Investing Basics to Last You a Lifetime
The best time for a young person to start saving for retirement is as soon as possible. So if you've secured your emergency savings account, thumbed through your employer's benefits package, and decided you're interested in stocks, where do you go from there?
The good news: People are saving more
According to the U.S. Bureau of Economic Analysis, the personal savings rate -- saving as a percentage of disposable income -- was 3.8% in March 2012, compared with -1% in 2006. Individuals are saving more, but the secret lies in what you do with the money. Some savings strategies prove smarter than others.

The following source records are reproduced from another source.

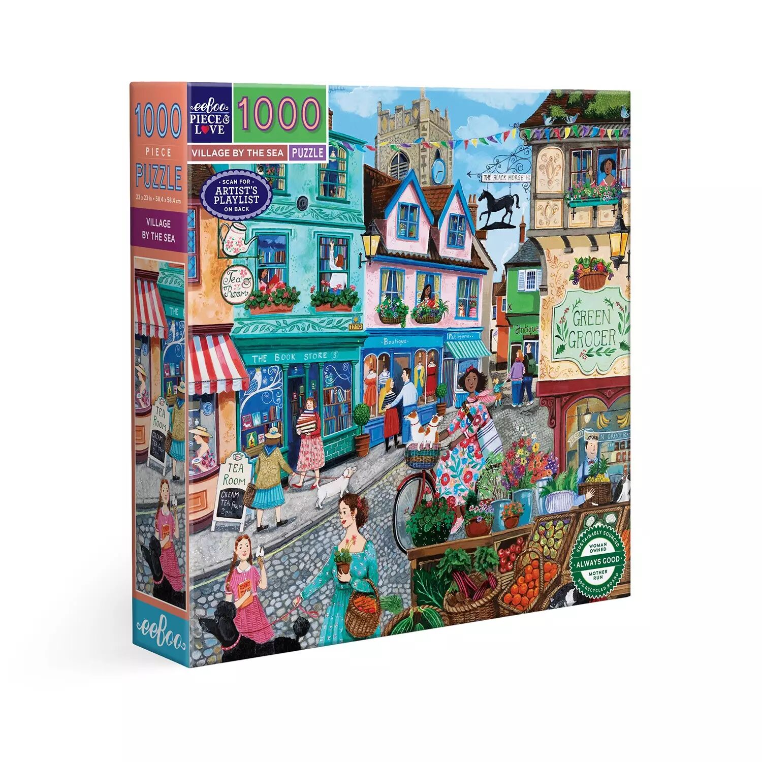 Le Format Carré Convivial : Avec ses 58,5 cm de côté, ce format eeBoo permet de s'installer facilement à plusieurs. C'est le puzzle idéal pour les moments de partage, où chacun peut participer sans avoir à se pencher au-dessus des autres.
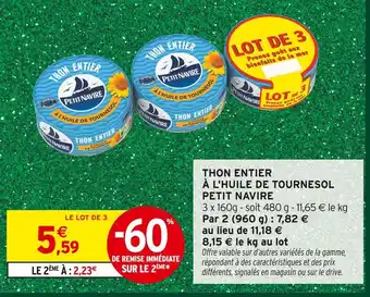 Offre Petit navire thon entier à l'huile de tournesol chez Intermarché
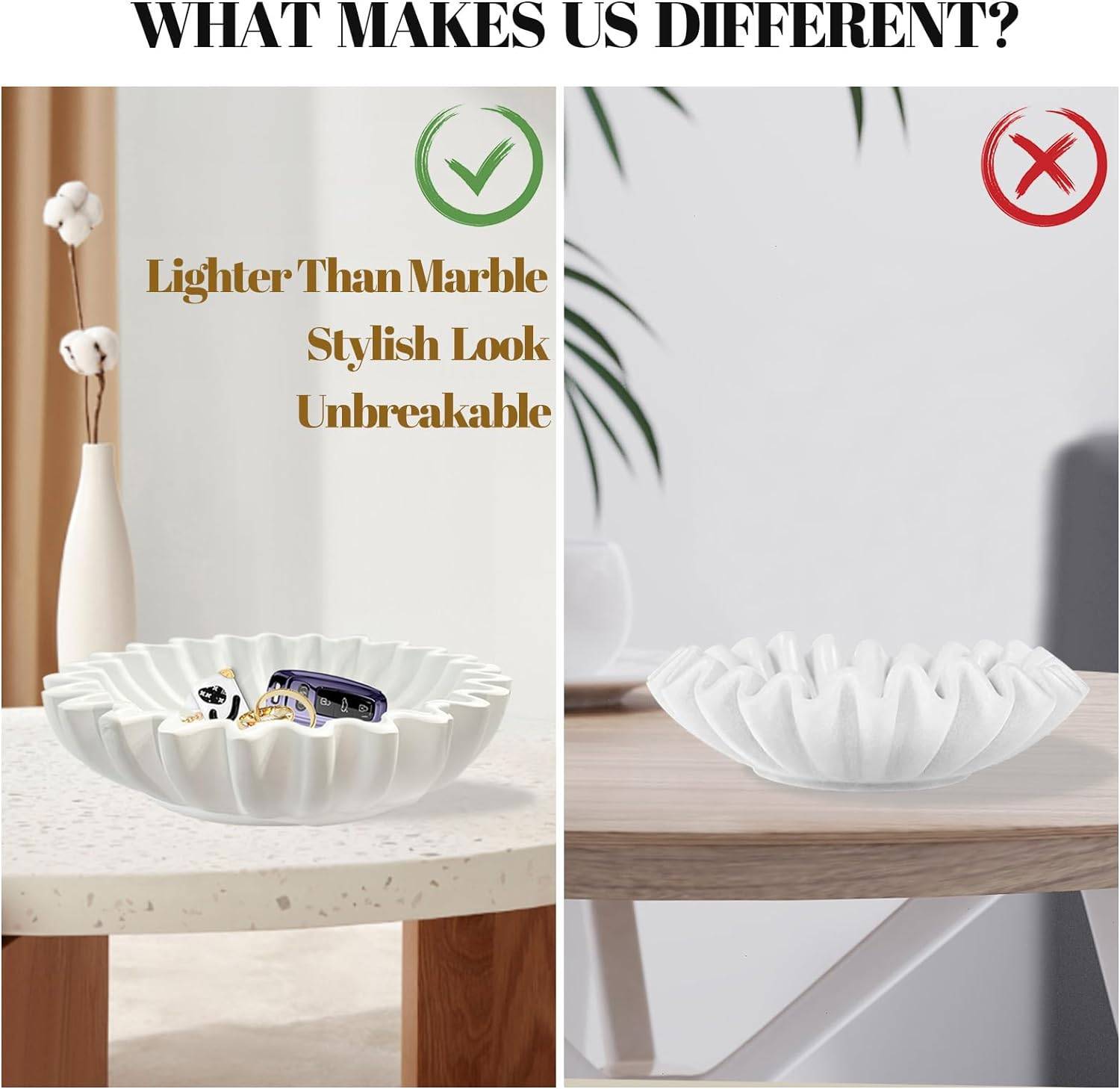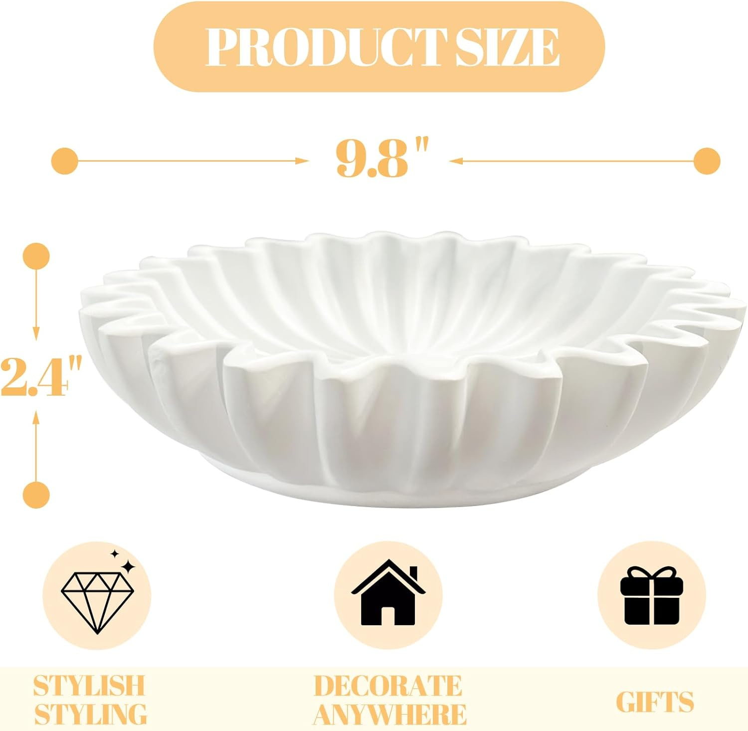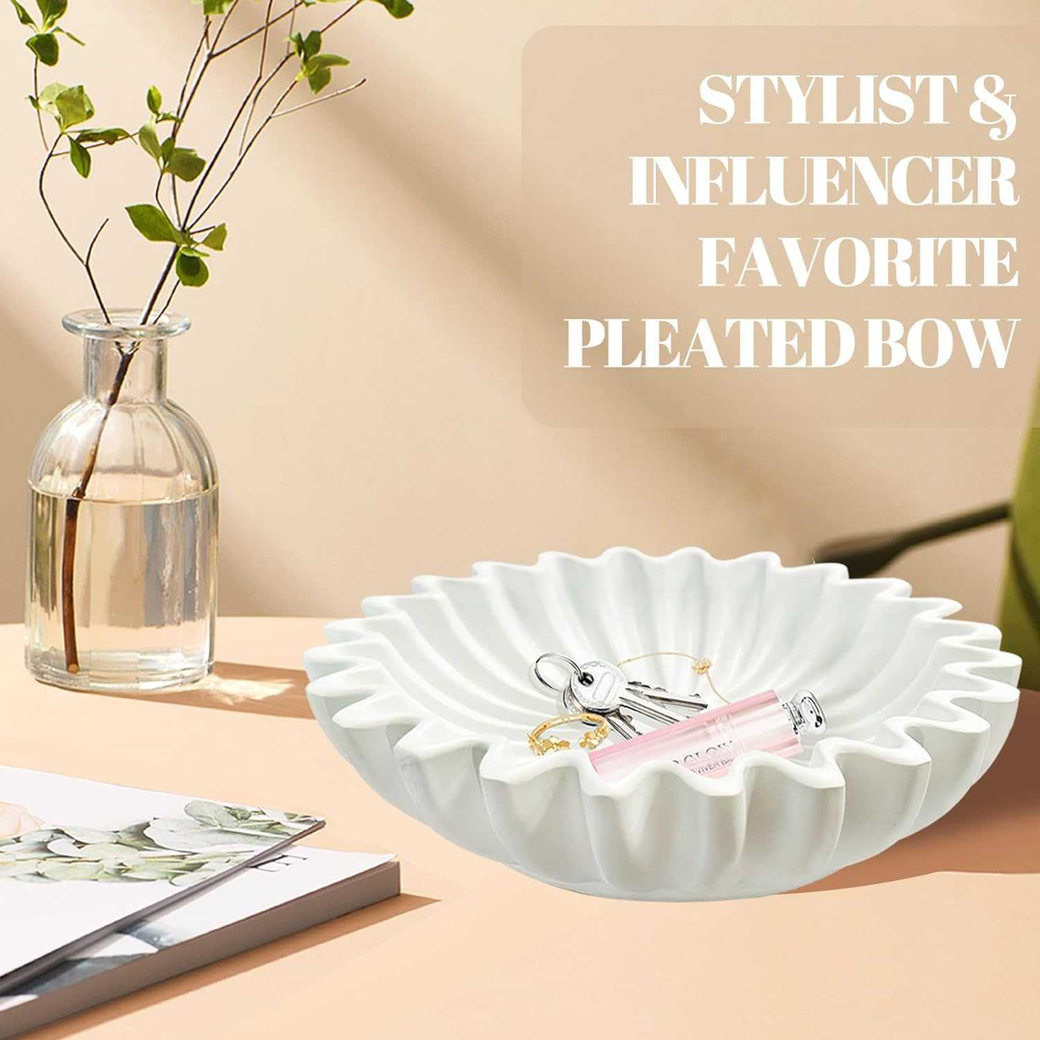 Descubre cómo un detalle puede transformar tu espacio. Este bowl decorativo con borde acanalado aporta una textura sofisticada y un toque moderno a cualquier ambiente de tu hogar. Su acabado blanco neutro y su diseño escultural lo convierten en una pieza ideal para complementar salas de estar, mesas de centro, consolas, recibidores y estanterías.

Start by contributing to your 401(k) to the point where you fully take advantage of any match offered by your employer. Many employers grant a match up to a certain percent of your salary. So in a 3% match situation, when you contribute any amount up to 3% of your salary, your employer matches this dollar for dollar. Notice what a difference increasing the contribution just a percent or two can make over the long haul in the example below:
Total Out-of-Pocket Contribution From Employee Over 40 Years
Value at Retirement (at age 65)
|1% contribution and 1% match||$16,000||$234,297|
|2% contribution and 2% match||$32,000||$468,559|
|3% contribution and 3% match||$48,000||$702,856|
Source: American Funds Tax-Deferred Investment Calculator. Author assumed a $40,000 annual salary with no raises, tax-deferred contributions beginning at age 25, and an 8% investment rate of return.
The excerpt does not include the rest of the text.